Я помню, какой фокус проделали три его сына, мои дяди, а дедушка Юда увидел. Взяли велосипед, старший сел за руль, средний примостился на багажнике, младший залез на плечи старшему, а меня маленькую посадили на раму. Так и выехали на базарную площадь и сразу же наткнулись на дедушку Юду, он шел в синагогу. С ним случился сердечный приступ, когда он это увидел.
…У меня все получается. Я даже вернула себе сына, надо мной смеялись в детстве, что я слишком целеустремленная. Если я делала уроки, а в дверь стучался влюбленный в меня соседский мальчик, я всегда пряталась в шкаф и просила бабушку сказать, что меня нет дома. Нет, целоваться я любила, но куда деть несделанные уроки?
…Боже, как мы целовались на берегу реки! До чего невинно!
…Мой дядя Шая делал фигурный шоколад: разные курочки, рыбки, собачки. Мы возили продавать этот шоколад в Прагу. Иржи любил сладкое, но однажды обнаружил в шоколаде седой волос тети Сарры, дядиной жены. Ну и рвало его, бедного!

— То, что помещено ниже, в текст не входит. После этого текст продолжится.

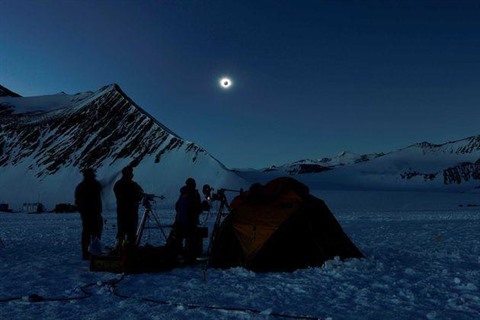 | Photo prise par Imagen Chile montrant l'éclipse solaire observée le 4 décembre, depuis le camp de l'Union Glacier en Antarctique. |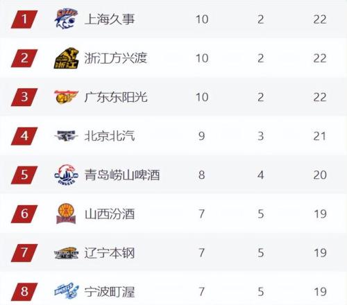 前8排名目前呈现一个3-2-3格局,前三名同积22分领跑,第4-5名夹在中间,第4的北京落后前三一个身位,第5的青岛领先第6一个身位,北京上不去青岛也下不来,第6-8同积19分,第9-12也是同积18分,第8的宁波领先第9-12名一个身位,不过这种局面也不会维持太久。
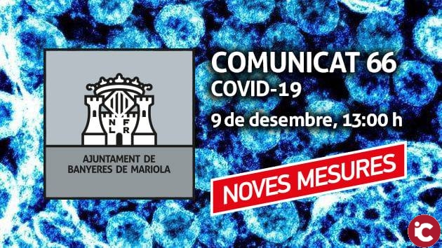 Vist el nombre de casos positius actius que té la població en aquests moments, menys de 25, les mesures restrictives locals queden suprimides (segons Comunicat 17 de novembre, 21.00 hores), a partir de demà 10 de desembre. Aquest fet no ha de suposar una relaxació de la responsabilitat. Hem de continuar alerta aquestes setmanes per poder gaudir duns Nadals sense casos actius.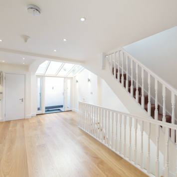 Internal alterations to existing building at ground and first floor level including construction of a glazed conservatory, Installation of structural glass floor plates, oak floor finishes and decoration throughout. Design, supply and installation of fitted furniture including Bookcases and Kitchen. The entire area was developed by the renowned philanthropist Sir Walter Godfrey for the benefit of destitute local labourers who until that time had lived in unsanitary shared family housing.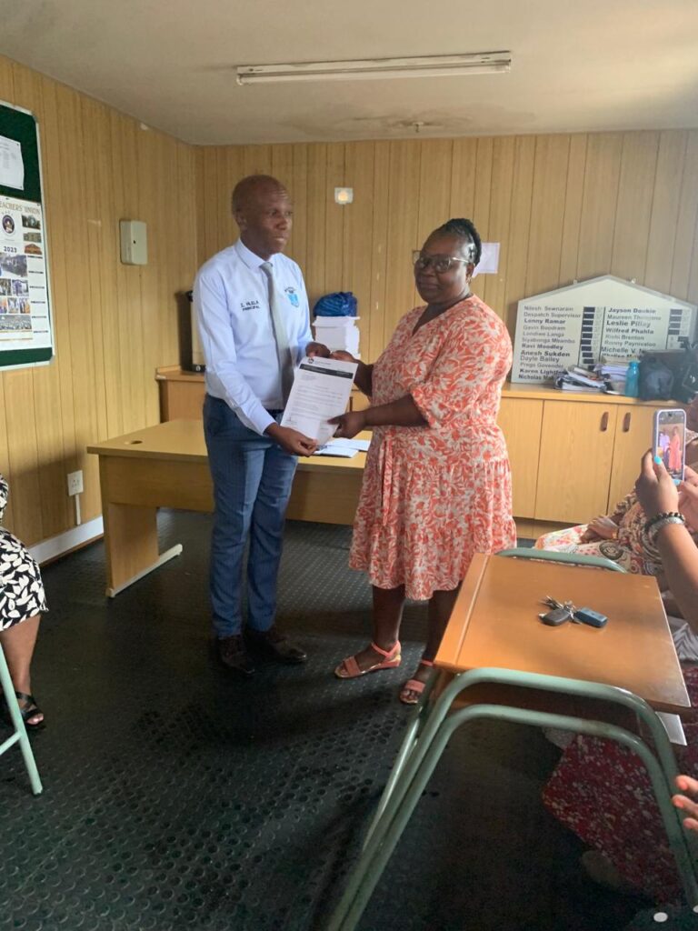 Newly appointed DH Mrs PN Msomi receives appointment letter from Principal to join School Management.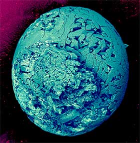 Dazu heißt es online: "Einem Bericht in den National Geographic News zufolge, hat Katherine Cagen von der Harvard University unlängst Anzeichen für einen Meteoriten-Impakt in Sedimenten entdeckt, die aus verschiedenen Stätten entlang des Hudson River entnommen wurden, der die Grenze zwischen New York City und New Jersey bildet. Zu den Evidenzen gehören deformierte Gesteine, seltene mikroskopisch kleine Nanodiamanten und mikroskopische, perfekt gerundete Steinchen, Spherulen (Abb. 5) genannt, welche sich in geschmolzenem Zustand formen, wenn das aufgeschmolzene und vaporisierte Gestein durch einen Impakt aus dem Weltraum in die Luft geschleudert wird und sich dann in dem temporären Vakuum verfestigt, das durch die Explosion erzeugt wird." [18]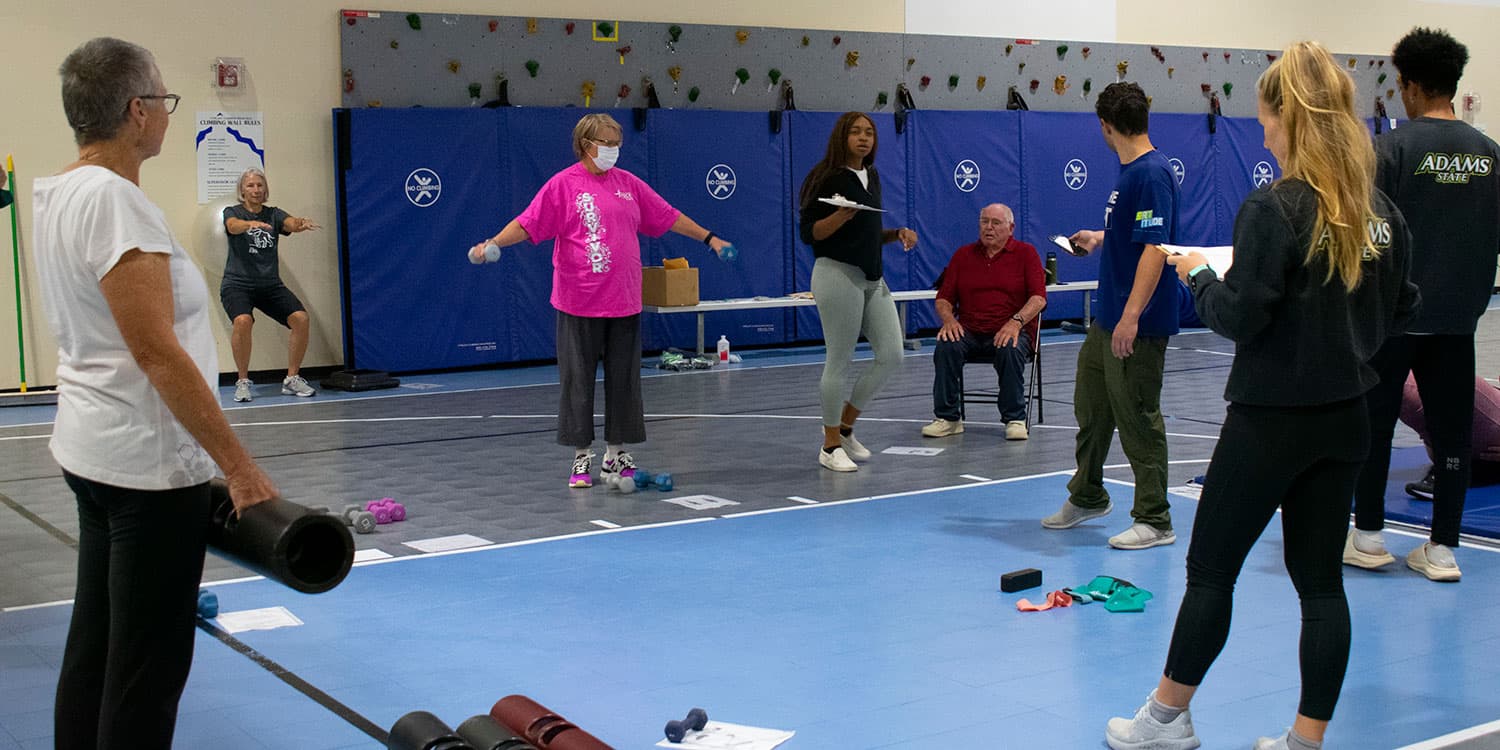 It’s a brisk fall morning in the Alamosa Recreation Center and the atmosphere in the large multi-purpose room is one of determination and optimism as cancer survivors of various ages and abilities take part in the Adams State University Department of Kinesiology Larry Holder Exercise and Cancer Survivorship program.

…Когда он переехал в Прагу учиться, я страшно волновалась. Жить ему пришлось у дяди Муси, папиного племянника, страшного авантюриста. Женился дядя Муся шесть раз, жен своих считал красавицами, хотя все они были толстые и противные. Не любил проигрывать в карты, всегда страшно ругался, когда проигрывал, не стесняясь присутствия детей.

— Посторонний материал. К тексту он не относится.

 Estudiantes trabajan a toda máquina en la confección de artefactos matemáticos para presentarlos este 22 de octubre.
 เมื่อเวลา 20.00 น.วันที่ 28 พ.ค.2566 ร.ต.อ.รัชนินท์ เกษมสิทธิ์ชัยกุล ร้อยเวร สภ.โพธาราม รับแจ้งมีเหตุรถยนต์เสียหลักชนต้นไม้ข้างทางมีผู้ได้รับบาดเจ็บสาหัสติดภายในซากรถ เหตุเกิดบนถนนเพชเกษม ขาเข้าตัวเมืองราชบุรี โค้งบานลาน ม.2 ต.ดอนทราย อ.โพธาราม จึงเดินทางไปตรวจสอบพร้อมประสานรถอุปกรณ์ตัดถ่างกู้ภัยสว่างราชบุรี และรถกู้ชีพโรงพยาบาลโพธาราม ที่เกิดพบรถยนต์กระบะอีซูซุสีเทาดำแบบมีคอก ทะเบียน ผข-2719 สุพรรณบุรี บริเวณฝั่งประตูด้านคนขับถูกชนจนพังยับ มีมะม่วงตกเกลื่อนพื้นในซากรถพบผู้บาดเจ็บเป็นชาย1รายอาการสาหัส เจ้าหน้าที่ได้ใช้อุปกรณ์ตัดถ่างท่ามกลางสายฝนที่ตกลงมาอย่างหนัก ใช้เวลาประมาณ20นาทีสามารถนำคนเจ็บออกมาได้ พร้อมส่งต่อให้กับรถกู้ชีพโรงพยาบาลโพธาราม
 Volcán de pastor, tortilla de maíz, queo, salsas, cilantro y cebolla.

Однажды маленький Иржи повторил при мне одно из любимых Муськиных ругательств. Я не знала, что делать, а потом нашлась.
— Ты любишь своего деда Лазаря? — спросила я.
— Да, — ответил мальчик.
— А деда Юду?
— Люблю, — ответил мальчик.
— Ты можешь представить, чтобы они произносили что-нибудь подобное? Или тебе больше всех на свете нравится Муська?
Больше он не ругался.
Я не решилась рассказать, как этот самый Муся поехал к нашим богатым родственникам в Брно, они положили его ночевать в лучшей комнате, а он ушел той же ночью с полным чемоданом серебра. Они приезжали потом за своим серебром, но он не отдал, кричал, что не видел никакого серебра. Так и уехали ни с чем, шума поднимать не хотели, позорить фамилию.

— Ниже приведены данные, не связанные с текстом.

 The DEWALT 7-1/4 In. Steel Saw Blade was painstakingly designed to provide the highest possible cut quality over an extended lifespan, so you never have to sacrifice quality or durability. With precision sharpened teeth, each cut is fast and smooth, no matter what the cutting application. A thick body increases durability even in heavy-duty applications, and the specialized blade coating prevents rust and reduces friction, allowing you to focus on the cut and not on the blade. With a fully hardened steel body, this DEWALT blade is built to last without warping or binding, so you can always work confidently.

Вот у такого Муси и пришлось жить Иржи в первый год университета.
…Кем бы мог стать мой сын? Я думаю, юристом, законником, и законы эти были бы самые правильные. Евреи много сделали для Чехословакии тогда. Мы все жили вместе. Мы вместе воевали. Где-то на краю света во Владивостоке есть могилы белочехов. Среди них могила дяди Израиля. Он был хорошим ветеринаром и женился по любви на женщине, которая оказалась сумасшедшей. У них родилась дочь, к счастью, совершенно нормальная девочка, Юлечка.
…Надо идти в школу, а мой новый сын приболел немножко. Надо пить молоко, но его душа не принимает молока, что делать?
У бабушки и ее младшего сына была корова, и бабушка приучала меня пить три раза в день парное молоко. Я его очень не любила. А она мне, чтобы я пила, варила грушевое варенье с ежевикой. Может быть, сварить ему грушевое? Иржи тоже молока терпеть не мог.
…Мама у него — русская, отец — еврей. Так что настоящим евреем он считаться не может, но у него такие еврейские глаза! С огромными ресницами, как у Иржи. Мы клали на Иржины ресницы спичку, и она держалась долго, честное слово! И дружит он с арабами, честное слово! Сегодня привел одного в дом, зовут Касем, слава Господу, не настоящий араб, курд, у курдов с арабами тоже не все в порядке. Этот Касем ему очень нравится. Как истинной француженке, мне приходится молчать.
…Он совсем не раздражает меня. Все в нем приятно. И когда он научился не раздражать? Я дала себе слово не расспрашивать о родителях. Лучше бы не вспоминал о них вообще. И это говорю я! А если бы мой Иржи остался у чужих людей и не вспоминал обо мне?
…До сих пор не понимаю, зачем Иржи вернулся в Лозовицы. Не мог он не знать, что дядя Лева забрал меня вместе с двоюродной сестрой и отвез к бабушке Басе на Украину. Кто бы нас предупредил, что и там скоро начнется?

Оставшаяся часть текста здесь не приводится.